Ancak siyasi boyut ihtiyat getiriyor. ING'den bir analist, başbakanın istifası üzerine yorum yaparak şunları gözlemledi: "> "Siyasi belirsizlik açısından bakıldığında, Ekim ayında bir faiz artırımı olasılığı azaldı." Analist, "Ekim ayında faiz artırımı çağrımızı sürdürüyoruz, ancak bu görünüm için riskler artıyor." diye ekledi.

Japonya'daki MUFG Araştırma analisti Michael Wan da BoJ'un yeni liderlik altındaki politika yönüne ilişkin daha net bir içgörü elde edene kadar faiz artırımlarını erteleyebileceğini öne sürdü.

Görünüm ve Temel Faktörler

İleriye dönük olarak, piyasa katılımcıları birkaç temel faktörü yakından izleyeceklerdir. Yaklaşan liderlik seçimi, gelecekteki mali ve ekonomik politika yönünü belirlemede çok önemli olacak ve bu da BoJ'un parasal kararlarını etkileyebilir. Yeni bir başbakan altında genişlemeci bir mali gündemin herhangi bir göstergesi, potansiyel olarak tahvil arzını artırarak JGB getirilerini yüksek tutabilir.

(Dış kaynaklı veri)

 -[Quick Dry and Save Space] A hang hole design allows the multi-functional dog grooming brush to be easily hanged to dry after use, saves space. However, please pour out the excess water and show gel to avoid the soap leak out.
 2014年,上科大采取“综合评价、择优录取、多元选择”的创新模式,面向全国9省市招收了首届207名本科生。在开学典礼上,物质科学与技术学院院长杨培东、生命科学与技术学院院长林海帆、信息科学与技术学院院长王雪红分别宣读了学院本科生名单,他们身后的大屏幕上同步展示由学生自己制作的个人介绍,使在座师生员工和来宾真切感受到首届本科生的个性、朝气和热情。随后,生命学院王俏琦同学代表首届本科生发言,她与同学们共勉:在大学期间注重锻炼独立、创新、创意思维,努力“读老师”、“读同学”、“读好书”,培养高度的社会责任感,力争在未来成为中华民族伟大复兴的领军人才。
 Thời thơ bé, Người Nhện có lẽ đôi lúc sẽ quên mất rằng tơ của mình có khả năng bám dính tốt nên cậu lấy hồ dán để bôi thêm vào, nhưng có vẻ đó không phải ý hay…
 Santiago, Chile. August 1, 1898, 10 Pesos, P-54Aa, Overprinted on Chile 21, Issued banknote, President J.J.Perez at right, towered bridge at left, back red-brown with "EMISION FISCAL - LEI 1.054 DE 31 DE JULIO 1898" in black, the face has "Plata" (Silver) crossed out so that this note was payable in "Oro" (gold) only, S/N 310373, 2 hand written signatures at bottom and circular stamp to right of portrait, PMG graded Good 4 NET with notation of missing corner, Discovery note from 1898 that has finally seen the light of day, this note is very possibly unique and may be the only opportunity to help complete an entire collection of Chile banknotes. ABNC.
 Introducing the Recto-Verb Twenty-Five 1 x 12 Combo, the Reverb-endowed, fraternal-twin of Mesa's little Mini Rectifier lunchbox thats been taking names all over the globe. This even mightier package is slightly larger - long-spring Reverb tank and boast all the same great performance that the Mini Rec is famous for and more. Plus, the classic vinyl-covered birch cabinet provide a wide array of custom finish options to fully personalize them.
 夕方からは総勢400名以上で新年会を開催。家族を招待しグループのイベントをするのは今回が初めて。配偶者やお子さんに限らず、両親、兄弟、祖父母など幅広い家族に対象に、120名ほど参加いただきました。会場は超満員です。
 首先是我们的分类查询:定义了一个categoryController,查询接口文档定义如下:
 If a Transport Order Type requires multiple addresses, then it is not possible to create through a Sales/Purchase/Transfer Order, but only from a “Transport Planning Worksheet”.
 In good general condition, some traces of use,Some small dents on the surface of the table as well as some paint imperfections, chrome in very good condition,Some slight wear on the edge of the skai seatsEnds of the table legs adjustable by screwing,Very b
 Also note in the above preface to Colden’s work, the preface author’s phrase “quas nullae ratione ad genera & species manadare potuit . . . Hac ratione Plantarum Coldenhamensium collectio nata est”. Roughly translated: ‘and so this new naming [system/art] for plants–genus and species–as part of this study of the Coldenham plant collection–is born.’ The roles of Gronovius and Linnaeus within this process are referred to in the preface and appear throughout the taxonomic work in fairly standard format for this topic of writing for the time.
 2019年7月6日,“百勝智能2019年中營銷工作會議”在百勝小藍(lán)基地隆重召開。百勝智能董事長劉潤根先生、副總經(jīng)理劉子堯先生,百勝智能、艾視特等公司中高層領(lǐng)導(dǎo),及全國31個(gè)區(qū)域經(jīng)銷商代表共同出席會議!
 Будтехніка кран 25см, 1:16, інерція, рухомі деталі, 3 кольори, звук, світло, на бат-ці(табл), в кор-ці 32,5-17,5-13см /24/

Barclays şu anda BoJ'un Ocak 2026'ya kadar daha fazla sıkılaştırmaya ara vereceğini tahmin ediyor ve bu da merkez bankasının bir sonraki adımını atmadan önce hem ekonomik gidişat hem de siyasi istikrar konusunda netliği önceliklendirebileceğine işaret ediyor. Sürdürülebilir ekonomik büyüme, gelişen siyasi dinamikler ve BoJ'un enflasyon hedefleri arasındaki etkileşim, önümüzdeki haftalar ve aylarda Japonya'nın finansal manzarasını şekillendirmeye devam edecektir.